The prisoner dreamed that he was in prison. Someone was massaging his back and he was starting to feel better. He couldn't see who it was, but he was sure it was his mother, who was an expert at that. The morning sun entered through the wide window and he welcomed it like a sign of liberty. When he opened his eyes, there was no sun. The small barred window (sixteen by twenty-four inches) led to an air shaft, to another wall of shadow.
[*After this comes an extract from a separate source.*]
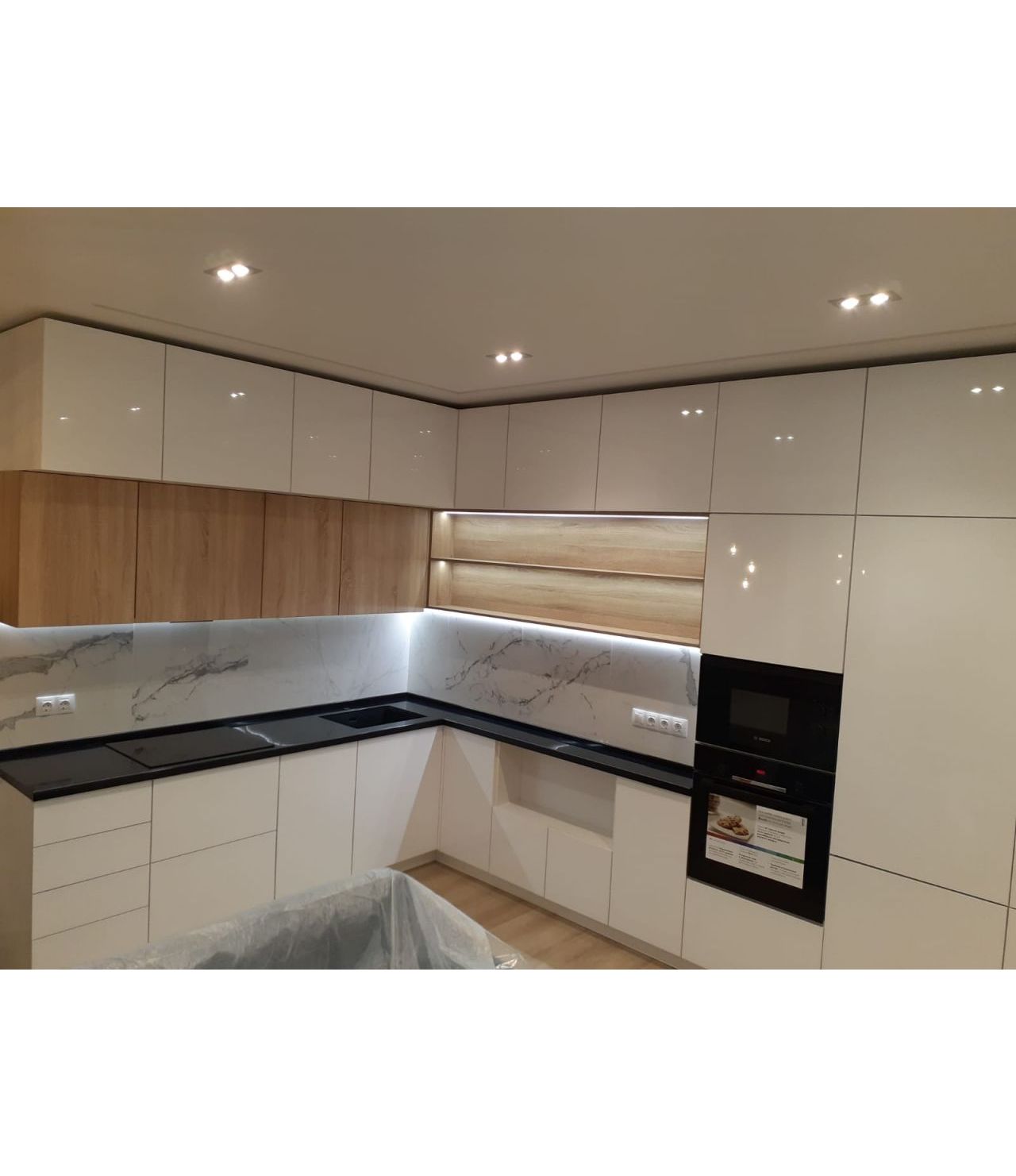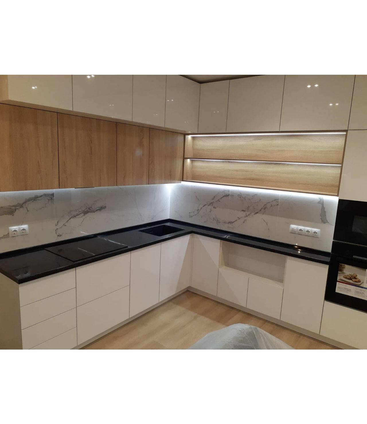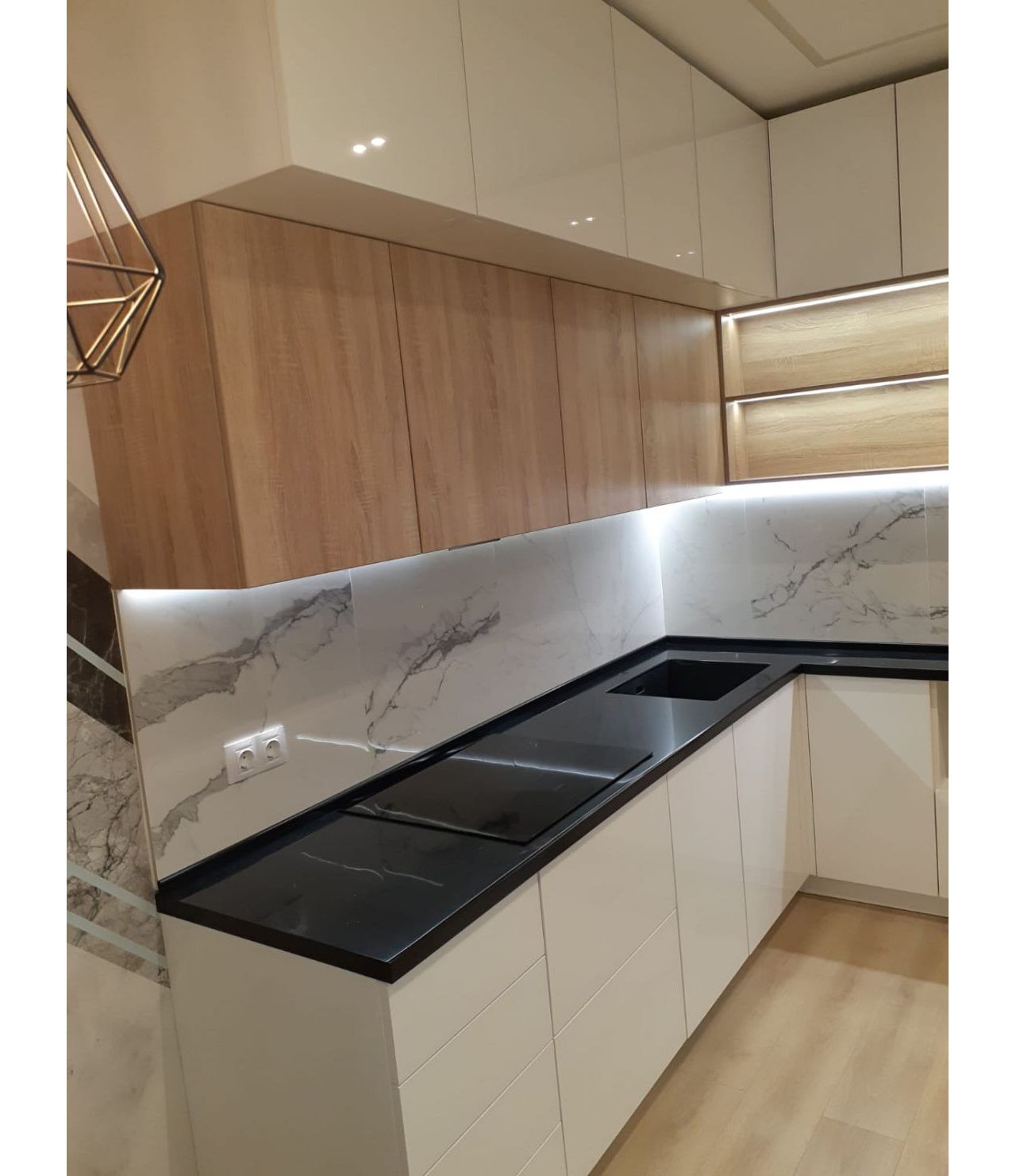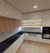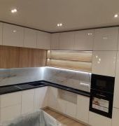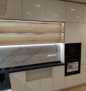 Столешница выполнена из искусственного камня GRANDEX Р-105, два выреза ( под мойку и варочную поверхность), мойка подстольного монтажа, пристеночный бортик под 900

The prisoner dreamed that he was in prison, that he was thirsty and was drinking an abundant amount of ice water. And the water was immediately streaming from his eyes in the form of tears. He knew why he was crying, but he wouldn't confess this even to himself. He looked at his idle hands, the ones that before had constructed torsos, chalk faces, legs, bound bodies, marble women. When he awoke, his eyes were dry, his hands were dirty, the door hinges were rusty, his pulse was racing, his lungs had no air, and the ceiling was leaking.
At that point, the prisoner decided that it was better to dream that he was in prison. He closed his eyes and saw himself with a photograph of Milagros in his hands. But he wasn't satisfied with just the photograph. He wanted Milagros in person, and she appeared with a big smile and a sky-blue nightgown. She approached so that he could remove it, and of course, he did so. Naturally, Milagros' nakedness was miraculous and he was observing her with total recall and complete joy. He didn't want to wake up, but he did, a few seconds before the dreamlike, virtual orgasm. And no one was there; no photograph, no Milagros, no sky-blue nightgown. He accepted that solitude could be unbearable.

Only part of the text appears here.